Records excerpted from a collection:
********

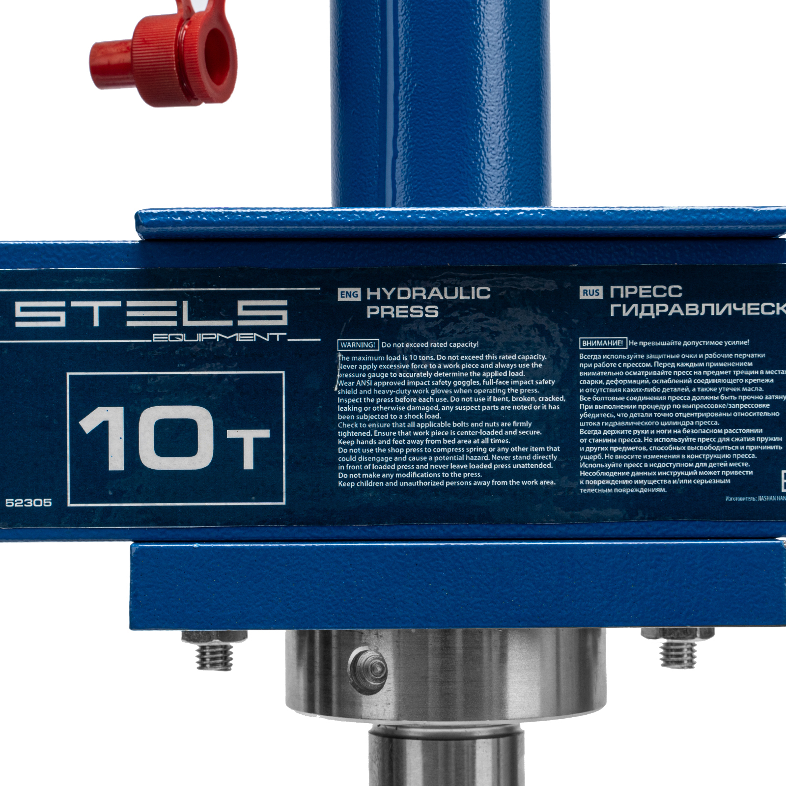 Гидравлический настольный пресс Stels 52305 с манометром, развивающий усилие до 10 тонн, — оборудование для запрессовки и выпрессовки деталей, например, подшипников, втулок, сайлентблоков, рычагов, штифтов. Фиксируется на столе — в опорах имеются отверстия для крепежа. Отличается плавным ходом штока благодаря высокому качеству исполнения гидронасоса и самого штока. Величину прилагаемого усилия можно контролировать при помощи глицеринозаполненного манометра. Пресс пригодится в автомастерской или личном гараже.
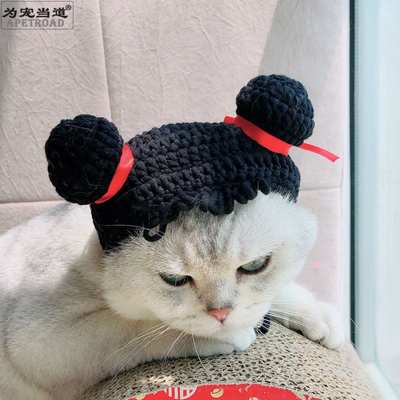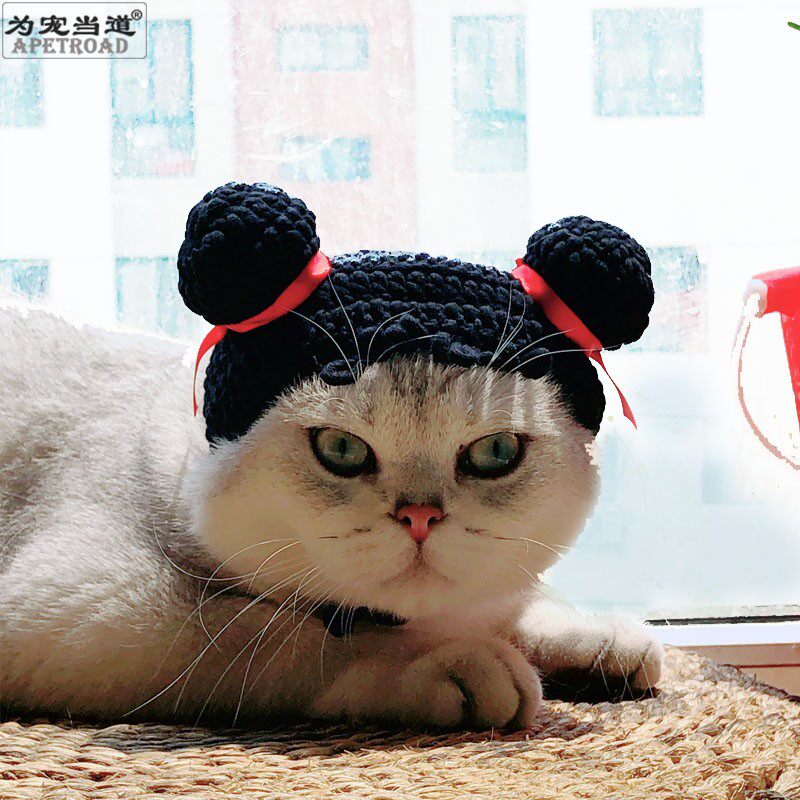 Which Nacha Changed Clothing Pet Hats Pet Ornaments Head Accessories Kung Fu Kitty hats Hand Woven Cat Hats
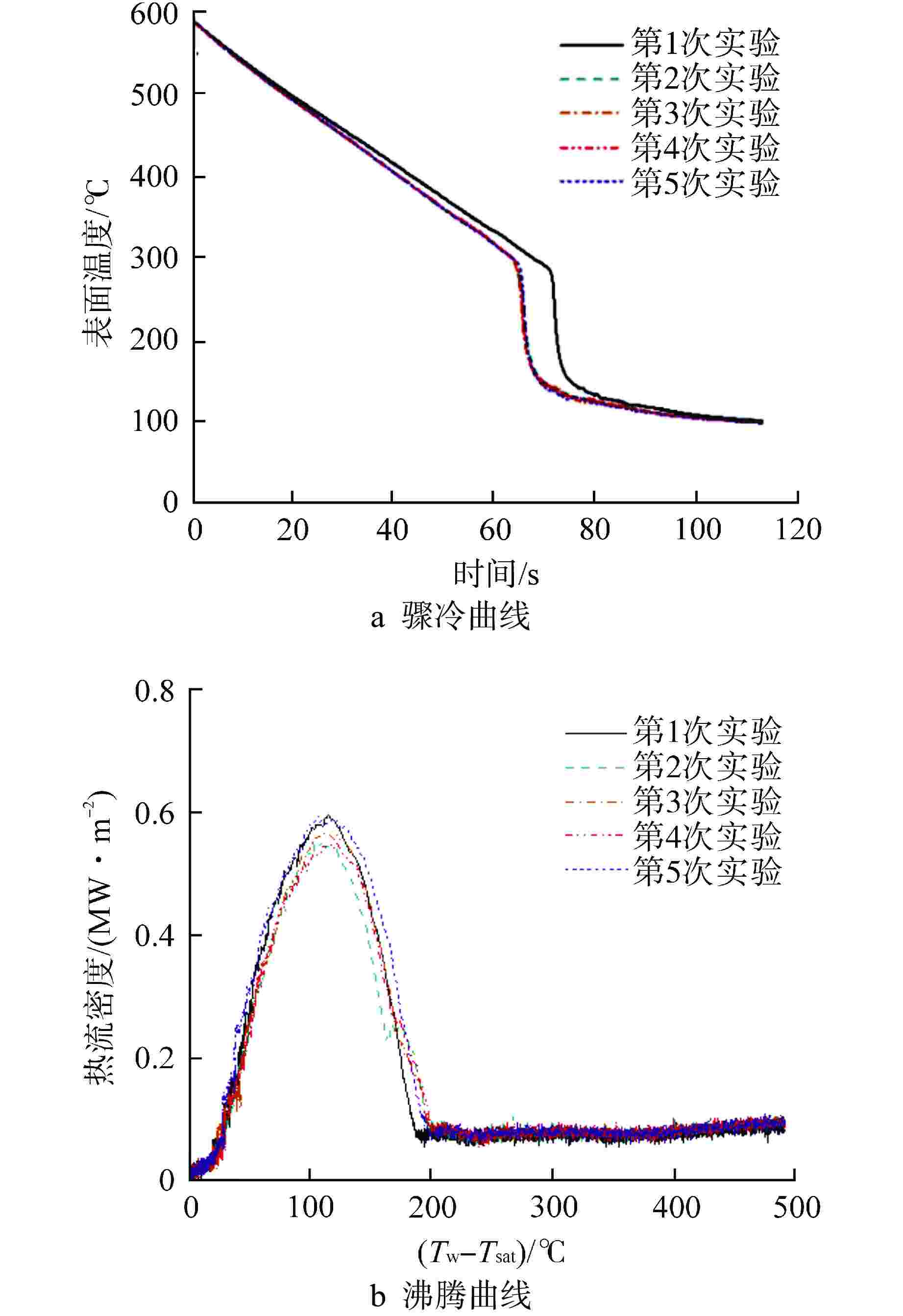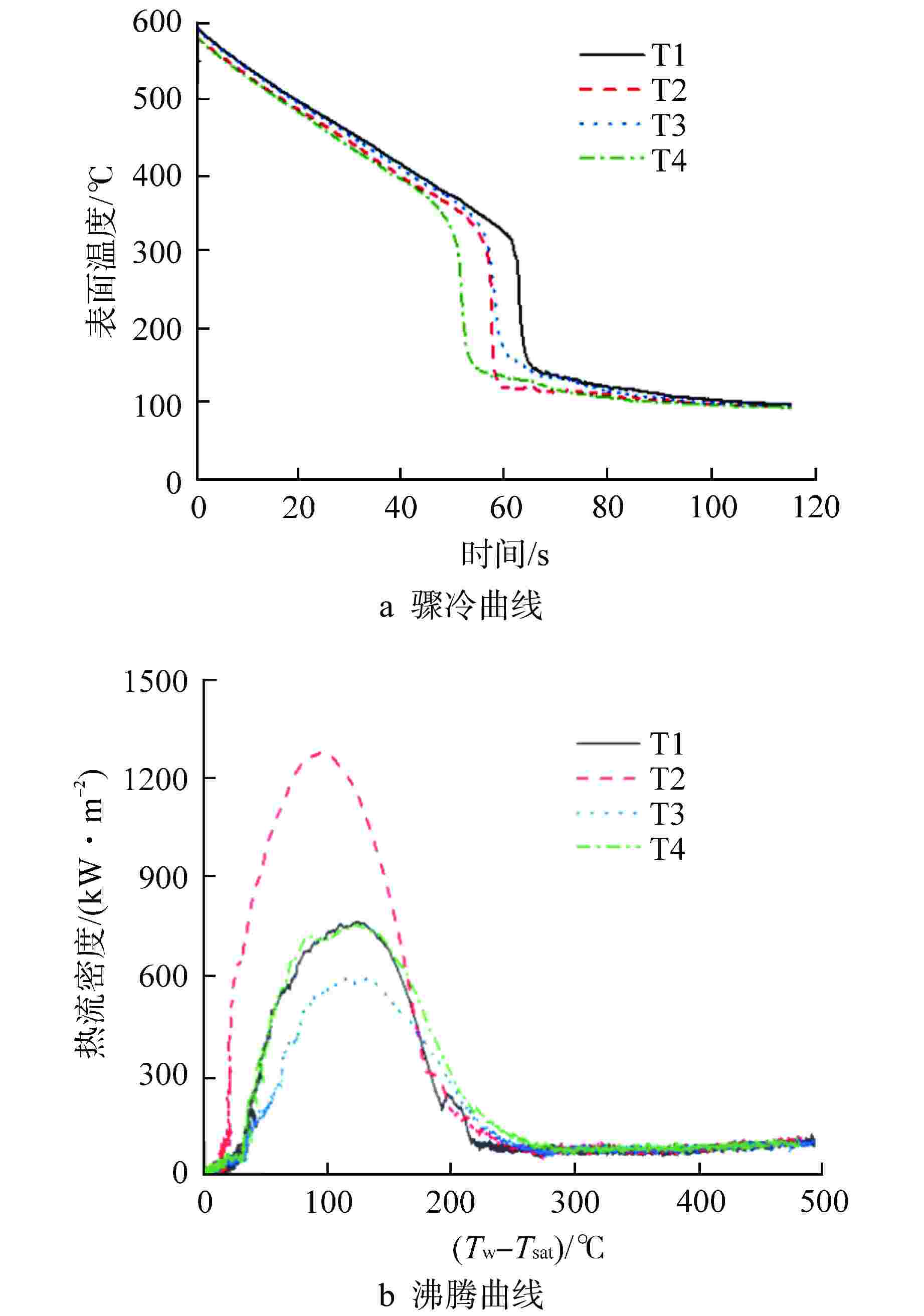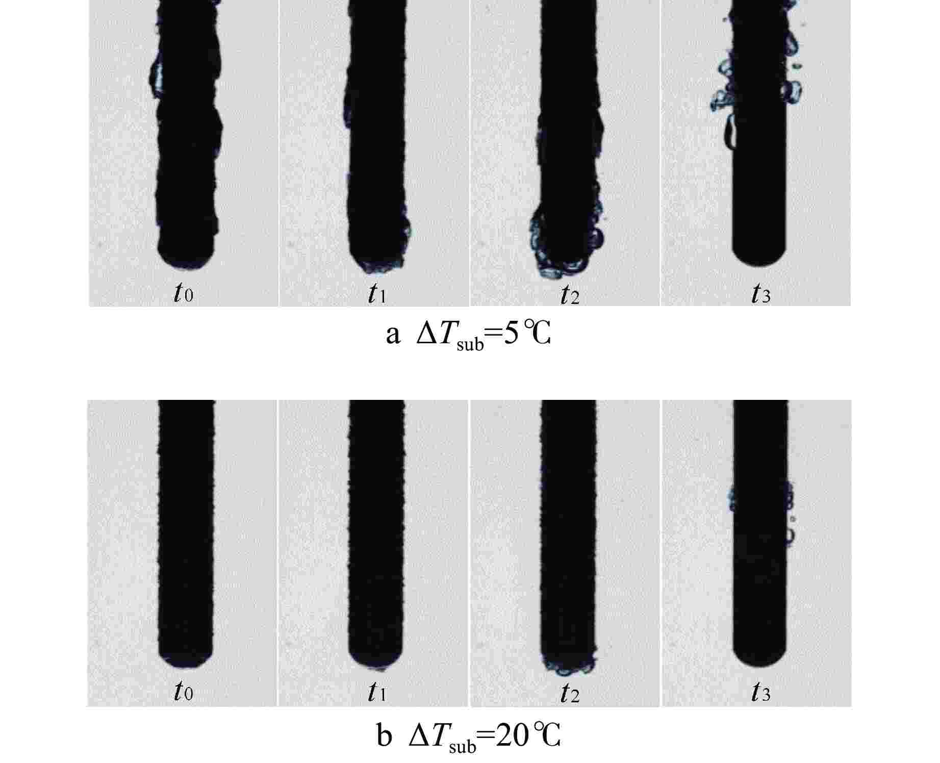 (J·kg−1·K−1)粗糙度/μm 接触角 FeCrAl 7100 13 460 0.2 93.4˚ Zr-4 6550 13.4 286 0.2 103.8˚ 表 2 最小膜态沸腾温度与过冷度的线性关系式
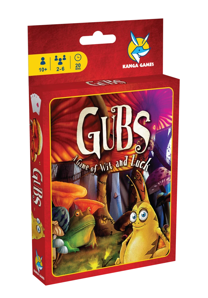 GUBS: A Game of Wit and Luck invites you to partake in the secret struggle of the Gubs. Each player competes to build the largest, strongest colony by the time the three dreaded Letter Cards emerge from the deck and end the game. Their world is a place filled with danger; from giant Omen Beetles who consume the delicate Gub Cities to Flash Floods to deadly Wasps, your gubs hardly stand a chance on their own… but arm them with Spears, let ride the valiant Toad Riders, build Mushroom Barricades and lead your colony through the forest underbrush and to victory.
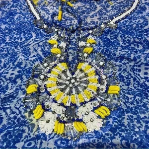 Note- please refer to pictures for measurements as the item is preowned. Allow for slight color variations due to lighting. All beading appears in tact. There is a pulled thread on one sleeve that goes all the way around, as well as a small spot- may be able to be spot cleaned. Due to the sheer material both flaws are difficult to see from a distance

********

**WORK TO COMPLETE**
In the data above, retype only the stretch from the line with "Which Nacha Changed" through the line with "(J·kg−1·K−1)粗糙度/μm 接触角 FeCrAl", word for word, and skip any pictures.

**ANSWER BOX**
 Which Nacha Changed Clothing Pet Hats Pet Ornaments Head Accessories Kung Fu Kitty hats Hand Woven Cat Hats
 (J·kg−1·K−1)粗糙度/μm 接触角 FeCrAl 7100 13 460 0.2 93.4˚ Zr-4 6550 13.4 286 0.2 103.8˚ 表 2 最小膜态沸腾温度与过冷度的线性关系式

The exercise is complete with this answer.